START SOURCE MATERIAL

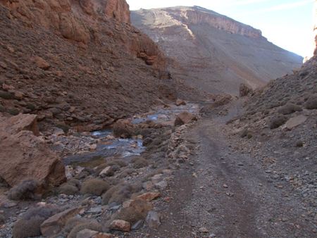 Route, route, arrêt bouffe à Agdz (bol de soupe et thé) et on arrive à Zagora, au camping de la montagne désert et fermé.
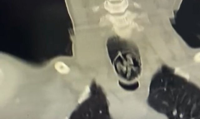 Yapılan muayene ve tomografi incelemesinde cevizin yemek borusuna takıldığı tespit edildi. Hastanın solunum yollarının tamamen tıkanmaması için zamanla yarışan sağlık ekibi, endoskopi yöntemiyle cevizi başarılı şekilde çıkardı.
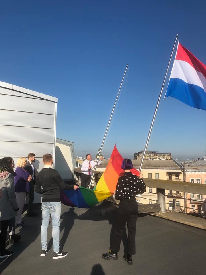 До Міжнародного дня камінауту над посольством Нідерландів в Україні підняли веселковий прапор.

END SOURCE MATERIAL

◆ PROBLEM TO SOLVE:
Copy out all the data exactly; skip the pictures.

◆ EXERCISE RESULT:
 Route, route, arrêt bouffe à Agdz (bol de soupe et thé) et on arrive à Zagora, au camping de la montagne désert et fermé.
 Yapılan muayene ve tomografi incelemesinde cevizin yemek borusuna takıldığı tespit edildi. Hastanın solunum yollarının tamamen tıkanmaması için zamanla yarışan sağlık ekibi, endoskopi yöntemiyle cevizi başarılı şekilde çıkardı.
 До Міжнародного дня камінауту над посольством Нідерландів в Україні підняли веселковий прапор.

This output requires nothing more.